EXERCISE BRIEF
Every record must be transcribed in its entirety, apart from the images, which are to be omitted.

EXERCISE INPUT
= Beginning of Section =
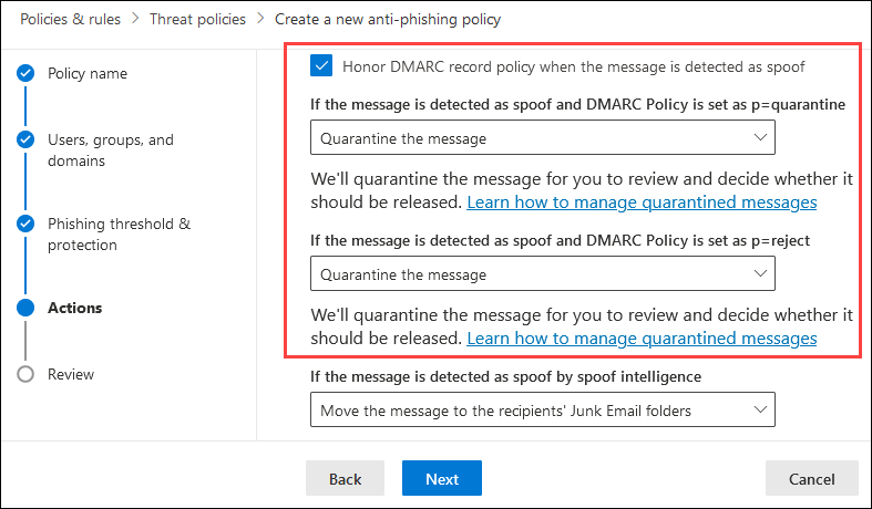 [ メッセージをアクションとして検疫する ] を選択すると、スプーフィング インテリジェンス保護のために選択された検疫ポリシーが使用されます。
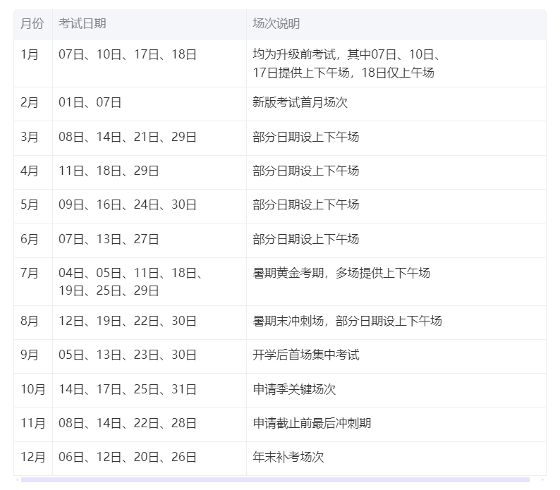 *注:橙色字体标注日期同时提供上下午考试场次,具体以官网实时信息为准。
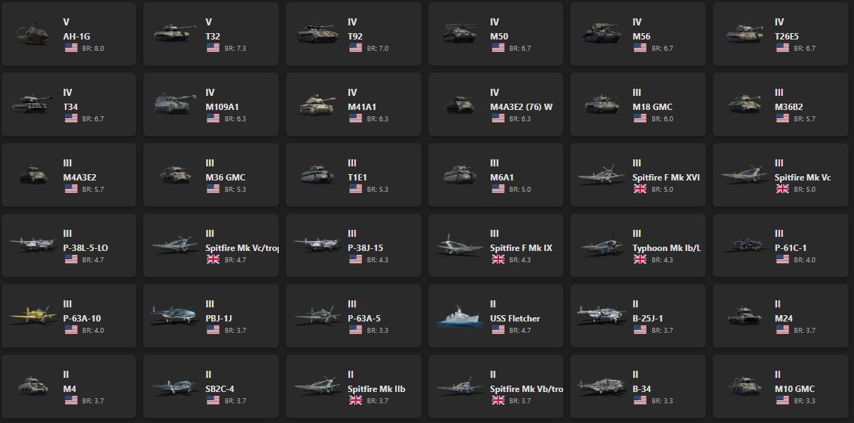 V - 2 AH-1G, T32, T92, M50, M56, T26E5, T34, M109A1, M41A1, M4A3E2 (76) W, M18 GMC, M36B2
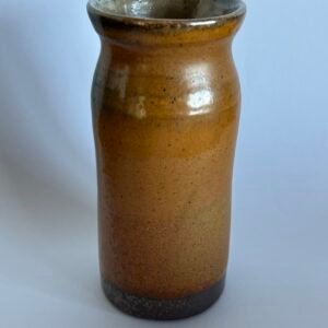 Vase made with New Zealand clay(Macs Mud Buff Stoneware) with my original batch of soda iridescent flashing slip. This vase was soda fired in reduction to cone 10. It has a dramatic shoulder/side where it was hit directly with soda, and a quiet side which is more matte. It is 14cm tall, and perfect for…
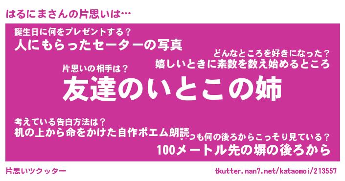 | 意味不明あだ名 | 『ペロリンはるにま』『永久保存はるにま』 |
= End of Section =
EXERCISE RESPONSE
 [ メッセージをアクションとして検疫する ] を選択すると、スプーフィング インテリジェンス保護のために選択された検疫ポリシーが使用されます。
 *注:橙色字体标注日期同时提供上下午考试场次,具体以官网实时信息为准。
 V - 2 AH-1G, T32, T92, M50, M56, T26E5, T34, M109A1, M41A1, M4A3E2 (76) W, M18 GMC, M36B2
 Vase made with New Zealand clay(Macs Mud Buff Stoneware) with my original batch of soda iridescent flashing slip. This vase was soda fired in reduction to cone 10. It has a dramatic shoulder/side where it was hit directly with soda, and a quiet side which is more matte. It is 14cm tall, and perfect for…
 | 意味不明あだ名 | 『ペロリンはるにま』『永久保存はるにま』 |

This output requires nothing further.